Un’idea. Ne basta una sola e dev’essere quella giusta. Come quella da cui è partita Cristina Castrillo per imbastire Fessure, il suo recente spettacolo che ha debuttato nella storica sede del Teatro delle Radici. E infatti lo spunto ideale si specchia nell’arte giapponese del Kintsugi, una centenaria tecnica di restauro con cui vengono riparate le tazze in ceramica unendone i frammenti con l’oro. Ne risulta una trama dove il filo dorato impreziosisce la memoria della forma ricostruita, restituendo al recipiente una nuova vita.

Nella metafora del Kintsugi c’è il respiro di una delicata, fragile e affascinante dimensione filosofica, è quella che ha dato a Cristina Castrillo la vena drammaturgica con cui nutrire la sua creazione, esemplare e complessa al contempo. Come una tazza in ceramica la cui superficie ricomposta è attraversata da sottili filamenti dorati. Da un mondo di frammenti ecco che la ricostruzione si manifesta coi percorsi che escono da piccole aperture, fessure da cui lasciar filtrare il passato, la memoria, briciole di ricordi con cui ricostituire istantanee di vita, fra speranze e angosce, fra gioie e dolori. Il privilegio degli spettatori consiste nell’assistere allo spettacolo inserito in una struttura diversa, accolti in numero limitato su sedie disposte ai quattro lati della scena.

Uno spazio appena sufficiente, come quello offerto dalla sala del Teatro delle Radici, ma non per questo sminuente. Gli attori sono già seduti fra gli spettatori, le azioni nascono e si sviluppano con rigorosa attenzione, dapprima singolarmente poi con una cadenza corale.
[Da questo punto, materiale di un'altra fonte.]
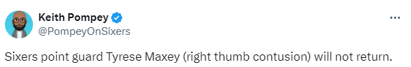 76 人再遇伤病困境,马克西拇指伤退,恩比德亦在养伤
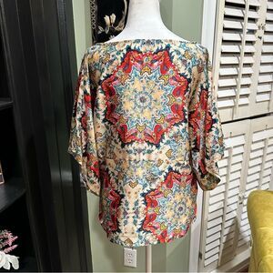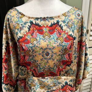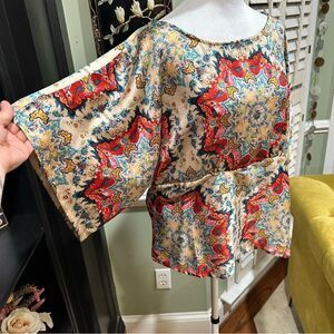 Make a bold statement with this eye-catching boho blouse by KAS New York, designed exclusively for Anthropologie. Features a silky feel, wide boat neckline, dramatic batwing sleeves, and a striking kaleidoscope-inspired floral print in rich red, teal, yellow, and navy tones.
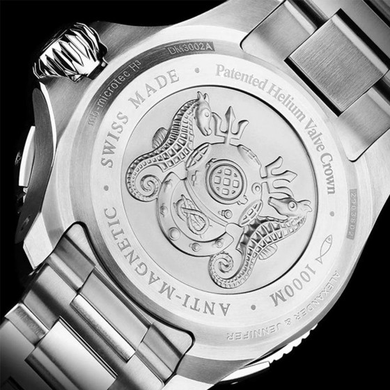 1000 米防水性能,DeepQUEST II 系列配備由 BALL Watch 設計的靈 巧創意。我們專利的自動氦氣排放閥置於錶冠內,能讓在高壓的環境下所積存於腕錶內的氦氣能於減壓過程時被安全排放,不會破壞腕錶結構。一般的氦氣 排放閥設計都會在錶殼上多加一個開口,影響防水性能,而 BALL Watch 的專利 設計,屬鐘錶業界首創,便徹底解決了這個問題。
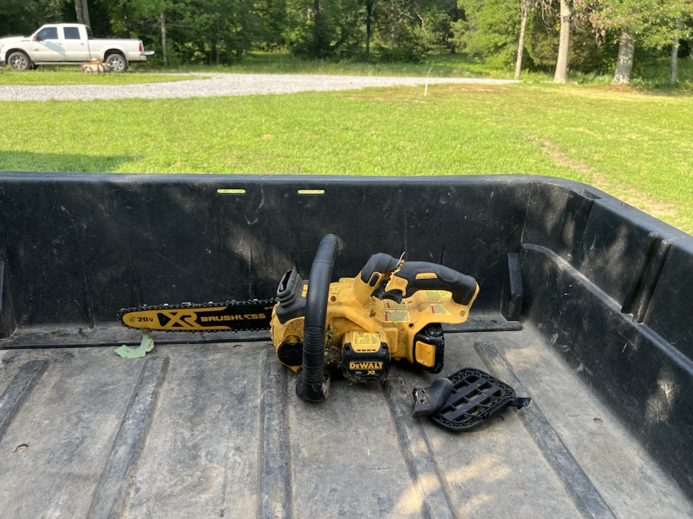 Of course I had to have a little oopsie. I got so excited that he was here delivering the trailer that I forgot to move my chainsaw that was under all those branches and the poor gentleman ran over it.

Gesti spezzati, movimenti ripetitivi, situazioni emblematiche accompagnate dalla parola, racconti sospesi espressi come in un rito collettivo dove le singole individualità emergono con tratti precisi, ricorrenti, dove ogni racconto è parte di un gioco simbolico guidato con mano sicura dalla regista argentina. Come per l’apparizione del modellino telecomandato di un carro armato che sbuca da sotto una sedia e dà l’avvio allo spettacolo muovendosi fra listelli di legno che compongono sei quadrilateri a cui è stata lasciata aperta una fessura. Una via di fuga, un ingresso o un’uscita, uno spazio entro cui proteggersi o da cui allontanarsi. Sono i luoghi per reminiscenze del passato o per l’ansia di un presente lugubre e inquietante, come la minaccia di una guerra. Nel buio appaiono anche dei lumini, segno di un auspicio, fiammelle accese in ricordo di ciò che è stato, nel desiderio di ritrovare la luce fra i cocci di un’umanità spezzata.
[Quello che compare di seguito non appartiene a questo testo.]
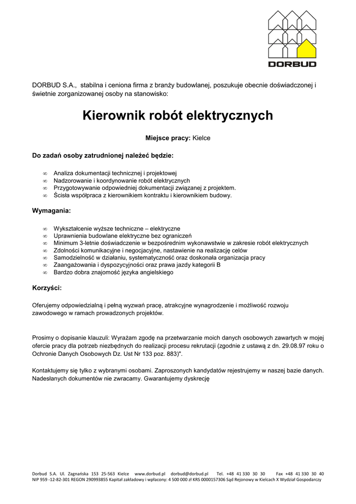 DORBUD S.A., stabilna i ceniona firma z branży budowlanej, poszukuje obecnie doświadczonej i świetnie zorganizowanej osoby na stanowisko: Kierownik robót elektrycznych Miejsce pracy: Kielce Do zadań osoby zatrudnionej należeć będzie: • • • • Analiza dokumentacji technicznej i projektowej Nadzorowanie i koordynowanie robót elektrycznych Przygotowywanie odpowiedniej dokumentacji związanej z projektem. Ścisła współpraca z kierownikiem kontraktu i kierownikiem budowy. Wymagania: • • • • • • • Wykształcenie wyższe techniczne – elektryczne Uprawnienia budowlane elektryczne bez ograniczeń Minimum 3-letnie doświadczenie w bezpośrednim wykonawstwie w zakresie robót elektrycznych Zdolności komunikacyjne i negocjacyjne, nastawienie na realizację celów Samodzielność w działaniu, systematyczność oraz doskonała organizacja pracy Zaangażowania i dyspozycyjności oraz prawa jazdy kategorii B Bardzo dobra znajomość języka angielskiego Korzyści: Oferujemy odpowiedzialną i pełną wyzwań pracę, atrakcyjne wynagrodzenie i możliwość rozwoju zawodowego w ramach prowadzonych projektów. Prosimy o dopisanie klauzuli: Wyrażam zgodę na przetwarzanie moich danych osobowych zawartych w mojej ofercie pracy dla potrzeb niezbędnych do realizacji procesu rekrutacji (zgodnie z ustawą z dn. 29.08.97 roku o Ochronie Danych Osobowych Dz. Ust Nr 133 poz. 883)". Kontaktujemy się tylko z wybranymi osobami. Zaproszonych kandydatów rejestrujemy w naszej bazie danych. Nadesłanych dokumentów nie zwracamy. Gwarantujemy dyskrecję Dorbud S.A. Ul. Zagnańska 153 25-563 Kielce www.dorbud.pl [email protected] Tel. +48 41 330 30 30 Fax +48 41 330 30 40 NIP 959 -12-82-301 REGON 290993855 Kapitał zakładowy i wpłacony: 4 500 000 zł KRS 0000157306 Sąd Rejonowy w Kielcach X Wydział Gospodarczy

Nei messaggi, spesso avvolti da un’atmosfera triste, cupa, disagevole, la grande Storia tenta di riprendere il suo posto sul cuore della terra, come a volersi difendere dagli orrori di una tragica realtà da cui è impossibile scappare, come una dolorosa ferita che non riesce a rimarginarsi e che porta alla morte. «Perdonatemi guerre lontane se porto fiori a casa. Perdonatemi ferite aperte se mi pungo un dito» recitano i versi di Wislawa Szymborska (Sotto una piccola stella), unica citazione fra le parole degli interpreti di Fessure nel viavai incrociato di pensieri senza dialoghi: una dimensione testuale distaccata, scarna, immediata, asciutta. Come il rumore da scorribanda delle coccinelle meccaniche lasciate imprigionate all’interno dei quadrilateri disposti in scena. Un piano d’ascolto teatrale che è allusione a un incubo, a un labirinto testimone di una triste, impersonale e folle assenza di libertà. La fessura ormai si è chiusa mentre il piccolo carro armato continua a sorvegliare con il fascio dei suoi fari le buie macerie di un’umanità persa nella vana ricerca di una speranza. È il segnale con cui si congeda la rappresentazione. Applausi meritati per Giovanna Banfi Sabbadini, Bruna Gusberti, Ornella Maspoli, Massimo Palo, Nunzia Tirelli e Irene Zucchinelli.